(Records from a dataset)

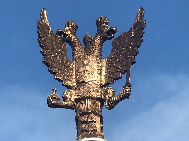 5. Generaal Alexander von Benckendorff, portret door George Dawe en bekroning van de tentconstructie van het monument met dubbele adelaar, Tsaar Alexander I periode.
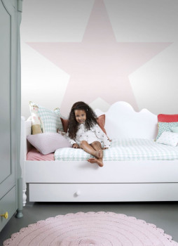 Vliesová obrazová tapeta na zeď, růžová hvězda na bílém podkladu.
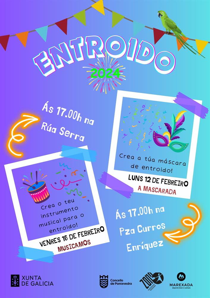 O LUNS 12 DE FREBREIRO CREA A TÚA MÁSCARA DE ENTROIDO NA PRAZA DE CURROS ENRÍQUEZ E O VENRES 16 DE FEBREIRO CREA O TEU INSTRUMENTO MUSICAL NA RÚA SERRA.
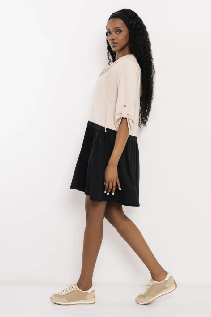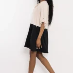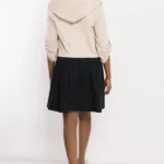 Vékony punto és puplin kombinációjából készült, amely rugalmas és könnyed esésű, így kényelmesen követi a mozgást, miközben szépen tartja a formáját. Fekete-bézs és bézs-ekrü színben érhető el, egyméretben.
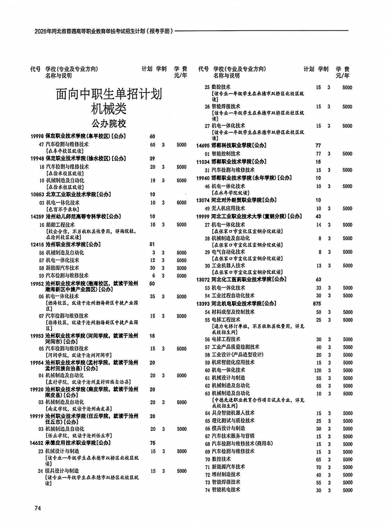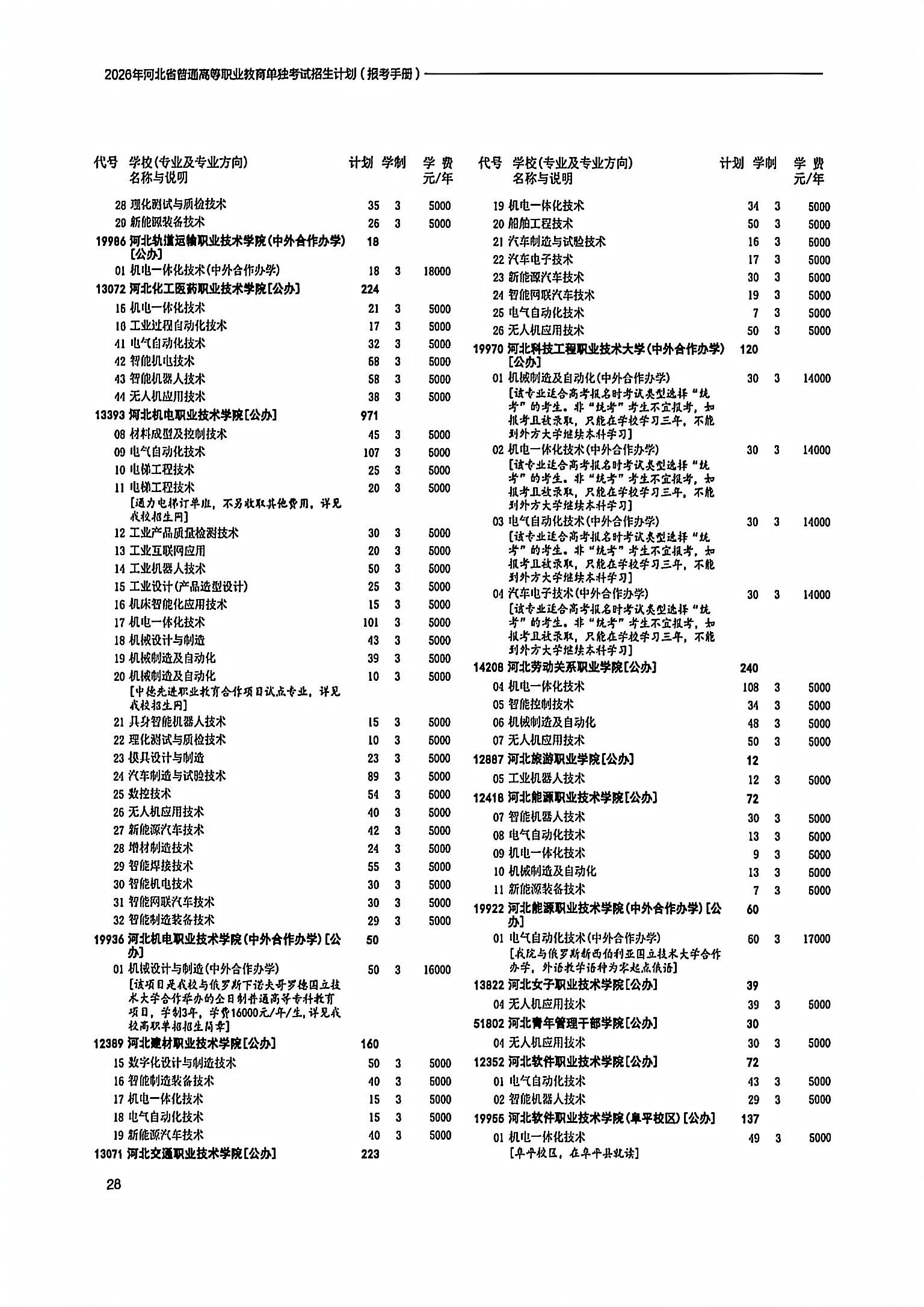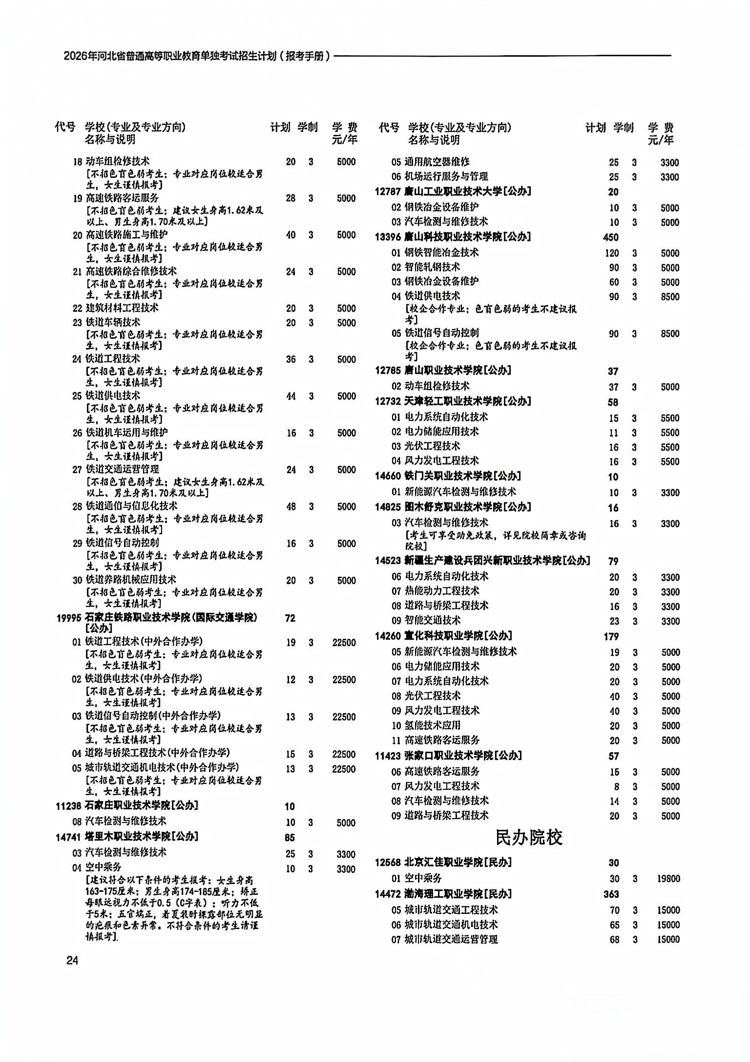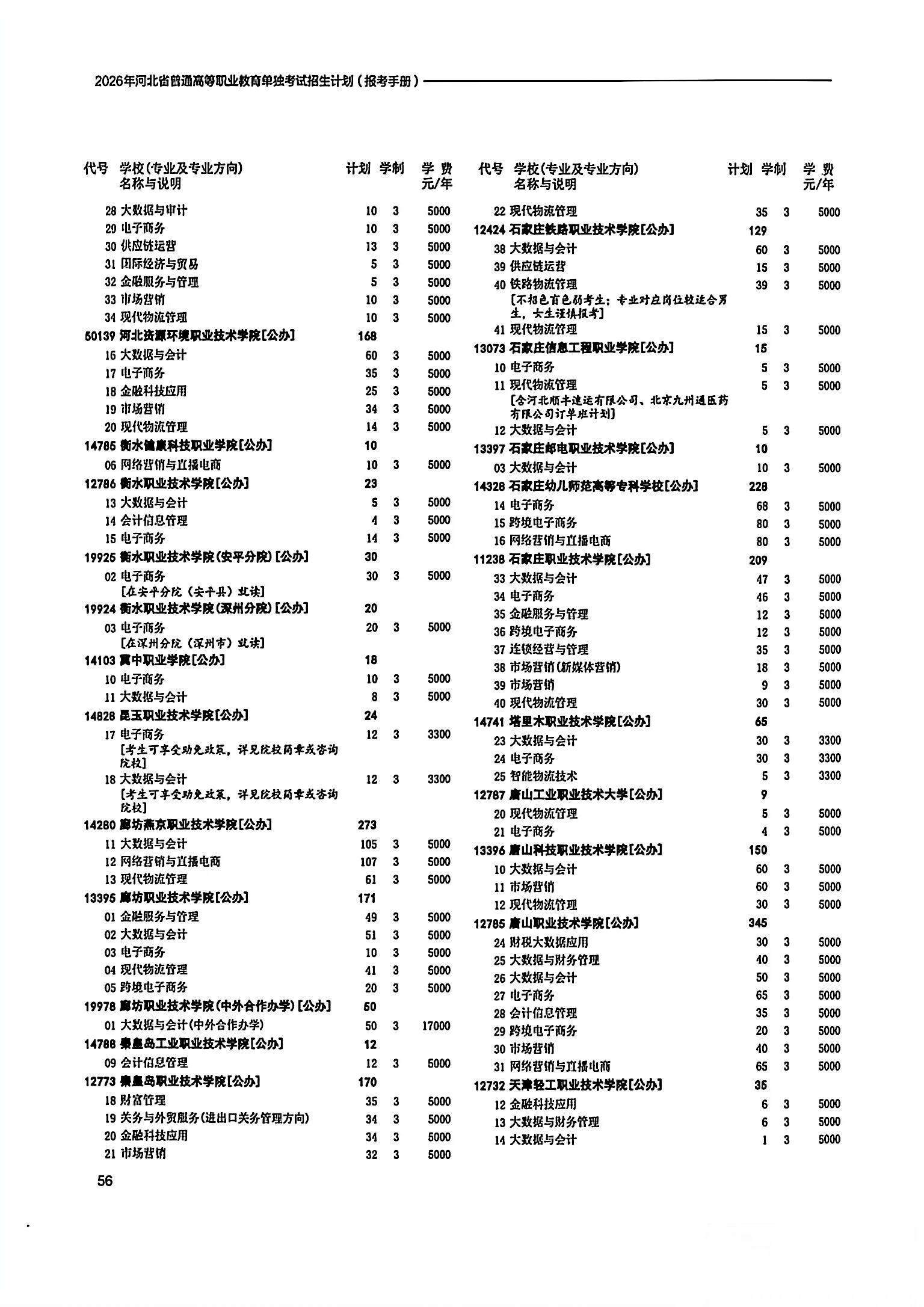 以下是《2026年河北单招各院校招生计划》大家可以提前参考~
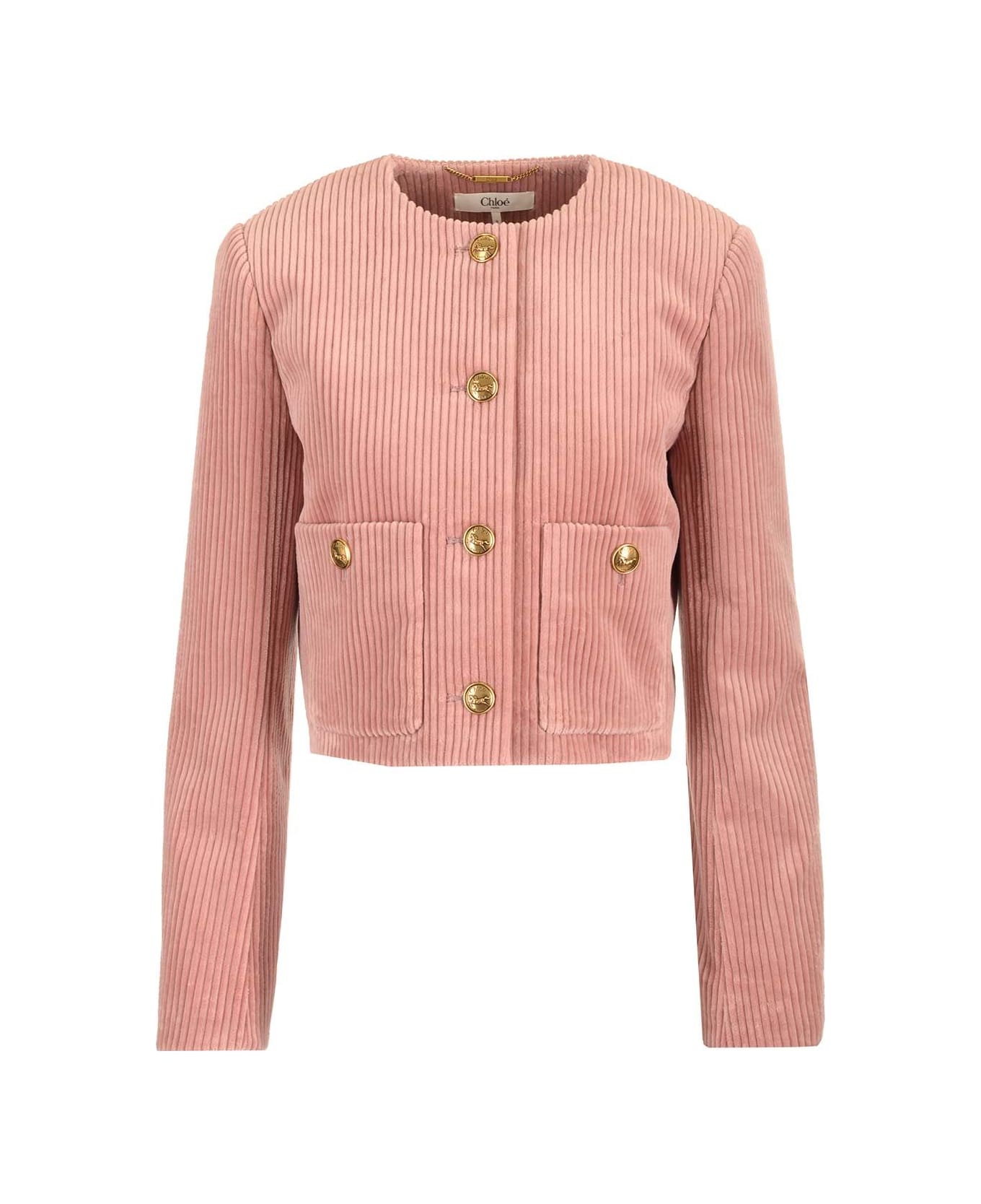 Cropped jacket in pink corduroy velvet with gold buttons and crew neck by Chloè.
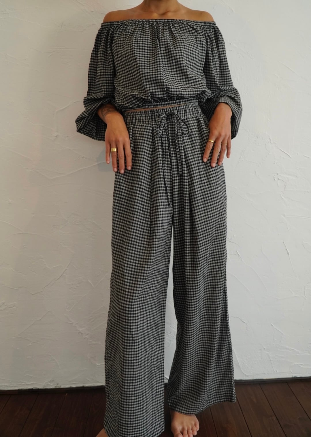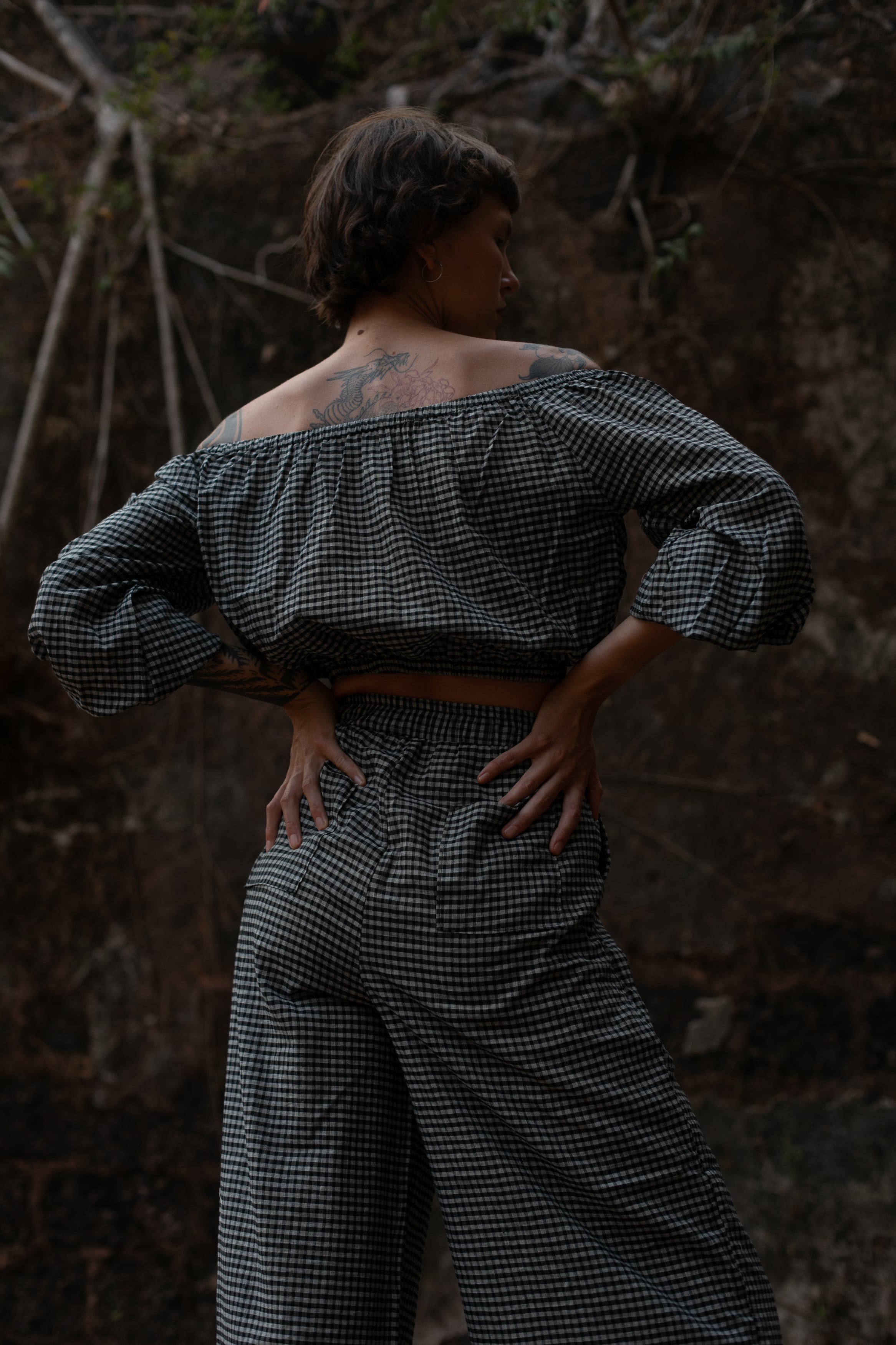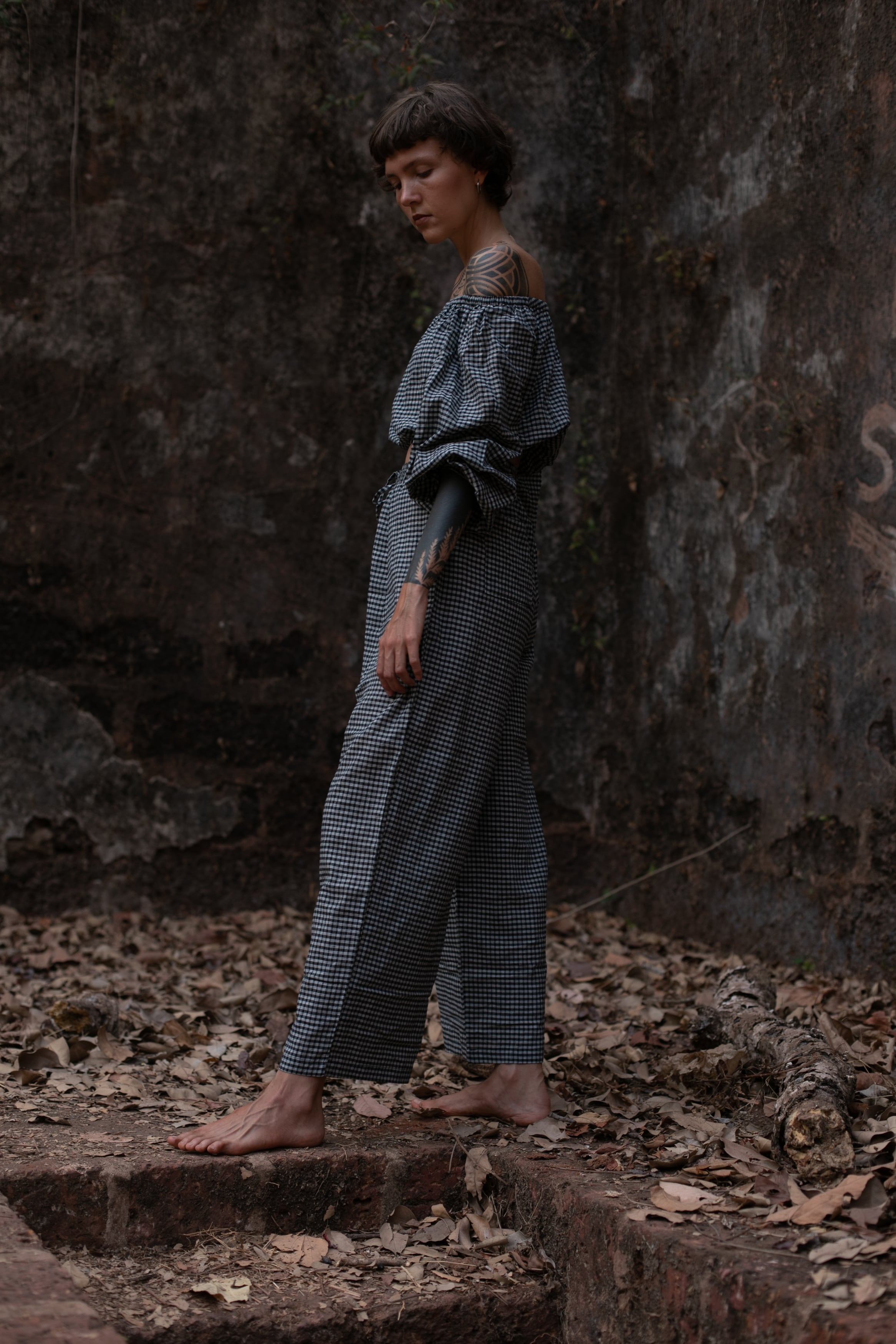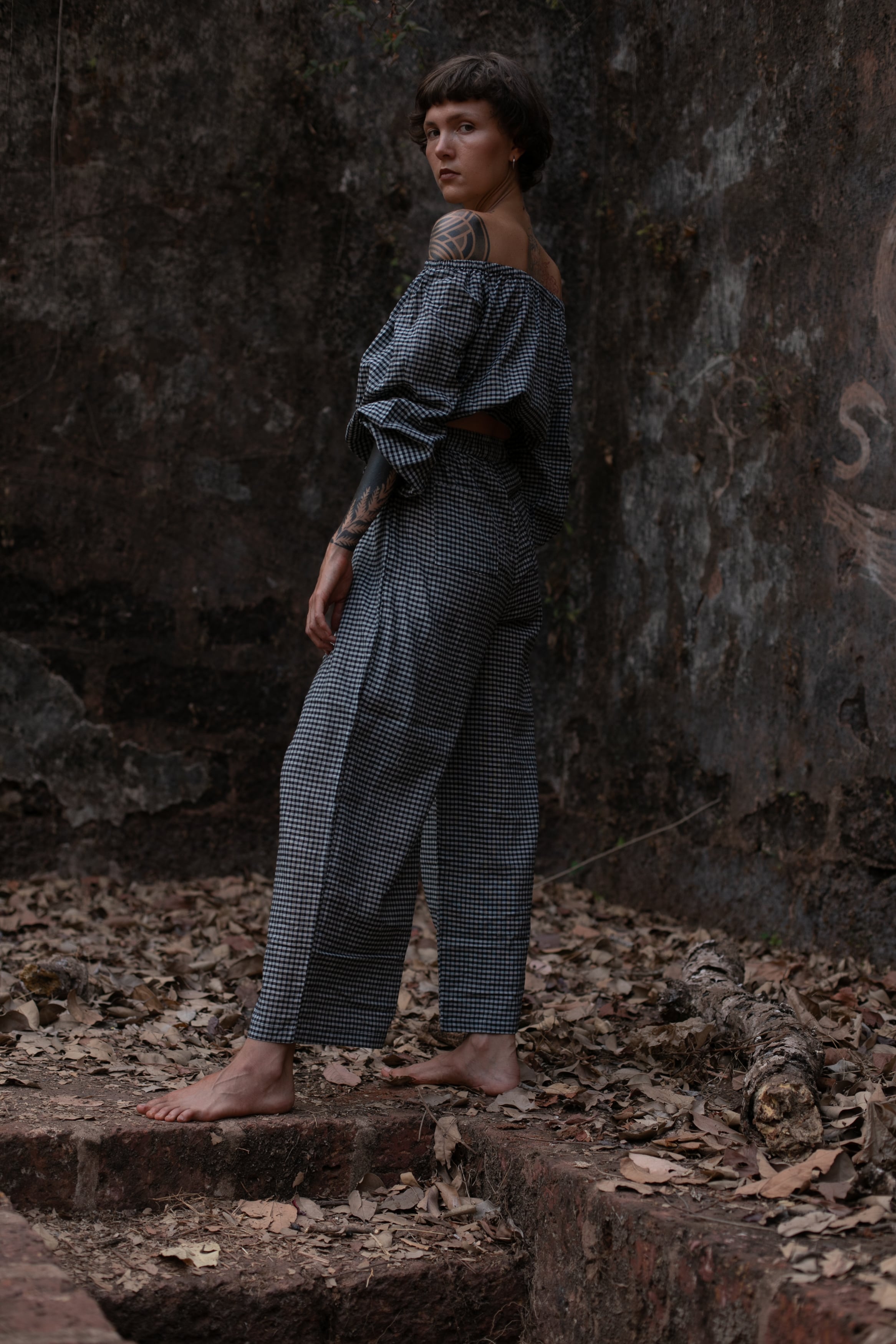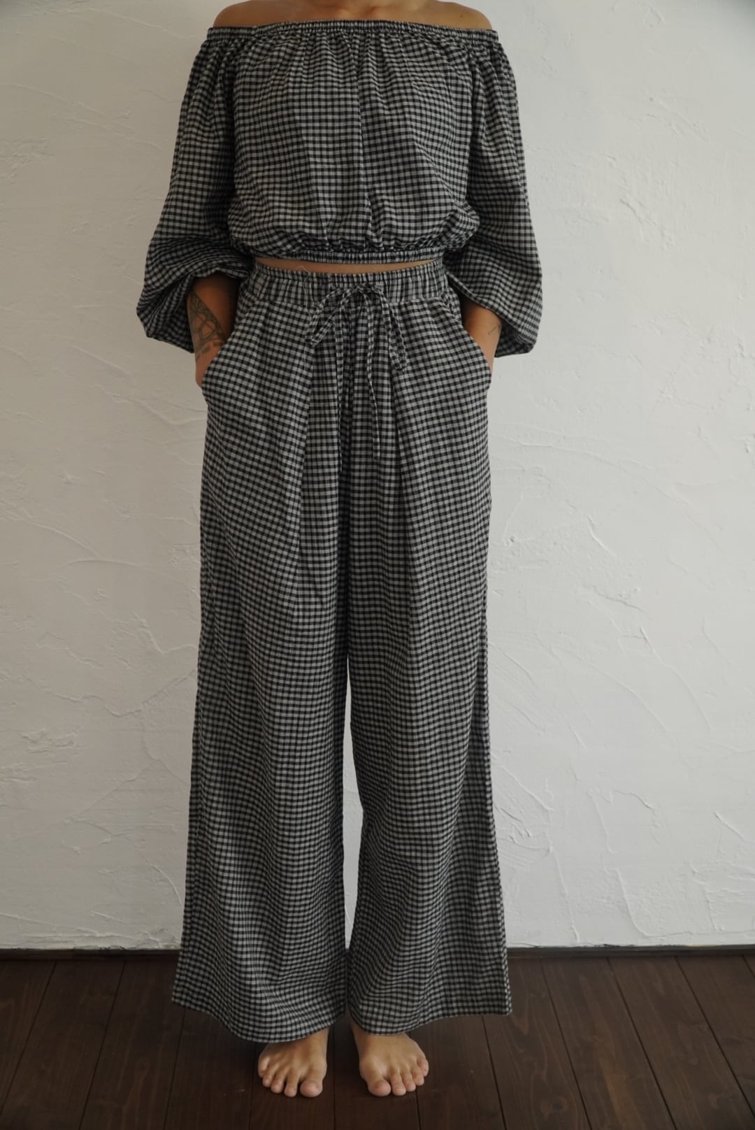 インドの伝統的な手織り技術によって織られたチェック生地で仕立てたオフショルダートップスです。

Task objective: Retype every entry exactly, but keep the pictures out of your copy.

Finished task:
 5. Generaal Alexander von Benckendorff, portret door George Dawe en bekroning van de tentconstructie van het monument met dubbele adelaar, Tsaar Alexander I periode.
 Vliesová obrazová tapeta na zeď, růžová hvězda na bílém podkladu.
 O LUNS 12 DE FREBREIRO CREA A TÚA MÁSCARA DE ENTROIDO NA PRAZA DE CURROS ENRÍQUEZ E O VENRES 16 DE FEBREIRO CREA O TEU INSTRUMENTO MUSICAL NA RÚA SERRA.
 Vékony punto és puplin kombinációjából készült, amely rugalmas és könnyed esésű, így kényelmesen követi a mozgást, miközben szépen tartja a formáját. Fekete-bézs és bézs-ekrü színben érhető el, egyméretben.
 以下是《2026年河北单招各院校招生计划》大家可以提前参考~
 Cropped jacket in pink corduroy velvet with gold buttons and crew neck by Chloè.
 インドの伝統的な手織り技術によって織られたチェック生地で仕立てたオフショルダートップスです。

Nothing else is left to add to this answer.